Former New Jersey Governor and Trump transition team member Chris Christie weighed in on the "Porn Star vs. The President" saga on Sunday, saying that accusations that Trump might be guilty of illegally using campaign funds to "silence" adult film actress Stormy Daniels "could be" legitimate.
Christie, who reportedly parted ways with the president under less than cordial circumstances, made the comments on ABC's "This Week" on Sunday morning, just a few hours after CNN's intrepid reporting at a strip club performance by Daniels in Florida (no, seriously). Seated next to former DNC chair Donna Brazile, who, after being booted from her role as the DNC chair, exposed Hillary Clinton's "secret takeover of the DNC," Christie was asked to address the issue based on his experience as a former prosecutor.
After a panel discussion about whether or not Trump is "prepared" to talk with the North Korean leader and the implications of Trump's steel industry tariffs, Christie was asked if he thinks that there might be a "legitimate" legal issue with Trump's lawyer Michael Cohen paying Daniels $130,000 to sign a non-disclosure agreement in 2016 about her alleged affair with Trump years before.
"There could be," said Christie. "You’ve got to get to the bottom of the facts. You’ve got to get to the bottom of the facts. Was Michael Cohen reimbursed for this? If he was, from whom? Did he pay for himself? If he paid himself, what are the campaign implications? There’s all kinds of issues that will be looked at."
The host interjected that if Cohen wasn't reimbursed, it might be a "bigger issue."
"If he was reimbursed ... did the president reimburse him?" said Christie. Stressing that "we don't know" all the facts yet, the former prosecutor reiterated that it must be "examined" legally. "I think there are legal issues to be examined," he said. "I’m sure they will be examined. We don’t know. We don’t know enough of the facts. The facts have kind of been movable on this."
Christie also noted that the porn star story was being handled differently in the era of Trump than it would have been with past presidents.
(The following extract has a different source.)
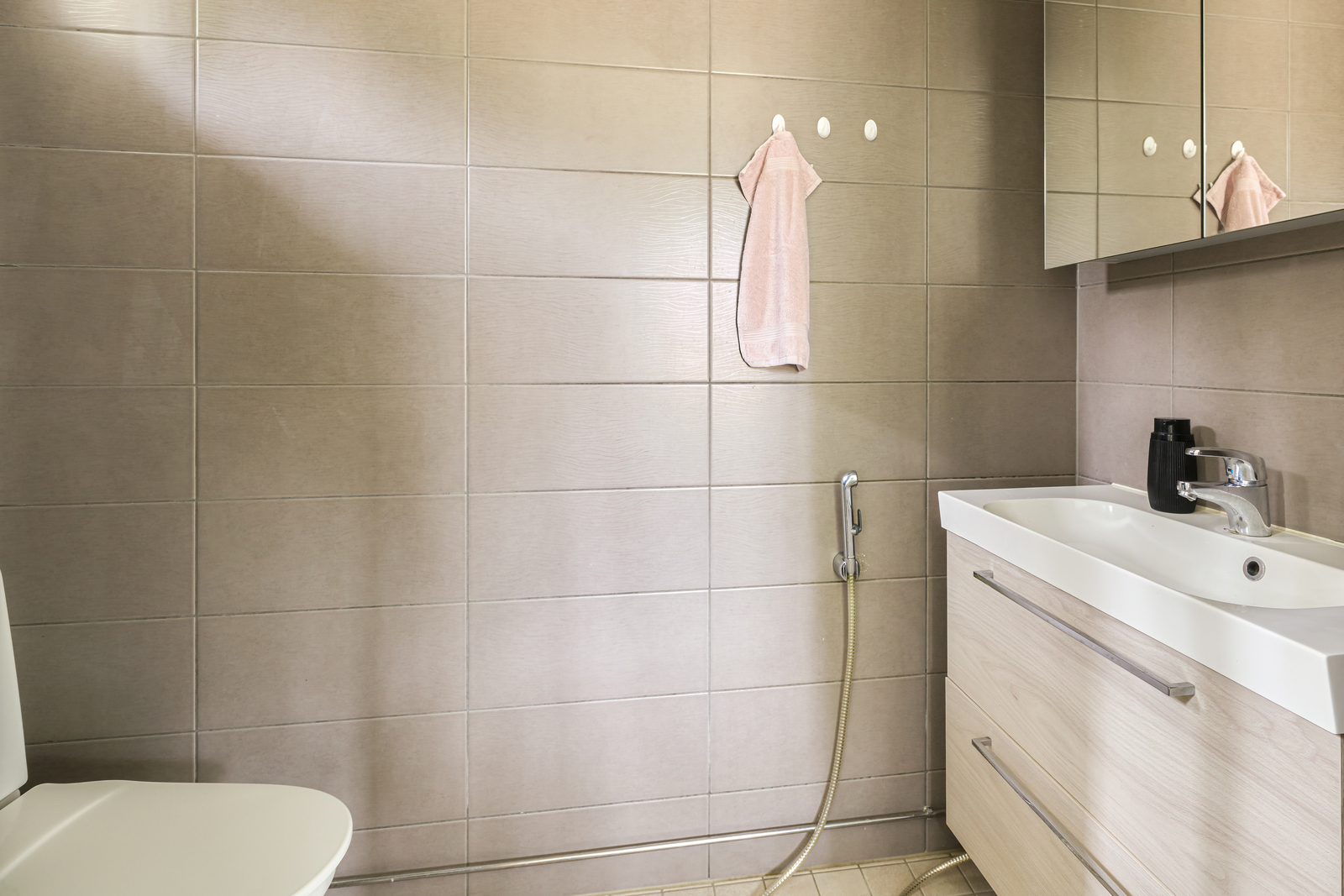Lukumäärä: 2, Bidee-suihku, peilikaappi ja lattialämmitys, seinät (Kaakeli), lattiat (Laatta) |

Daniels has accused Trump and Cohen of unfairly attempting to silence her through a restraining order filed late February amid her continued media campaign teasing a big reveal about their alleged past sexual relationship. In a lawsuit filed last Tuesday, the lawyer of Daniels (real name Stephanie Clifford) alleged that Cohen was trying to "intimidate Ms. Clifford into silence and 'shut her up' in order to 'protect Mr. Trump,'" and that he "surreptitiously initiated a bogus arbitration proceeding against Ms. Clifford in Los Angeles."
Cohen's own attorney has responded to Daniels' lawsuit by noting that the NDA Daniels signed specifies that actions like his client has taken is a legal and proper response to her breaking the agreement. "The designated judge from the arbitration tribunal found that Ms. Clifford had violated the agreement and enjoined her from, among other things, filing this lawsuit," Cohen's attorney, Lawrence Rosen, told NBC in a statement last week.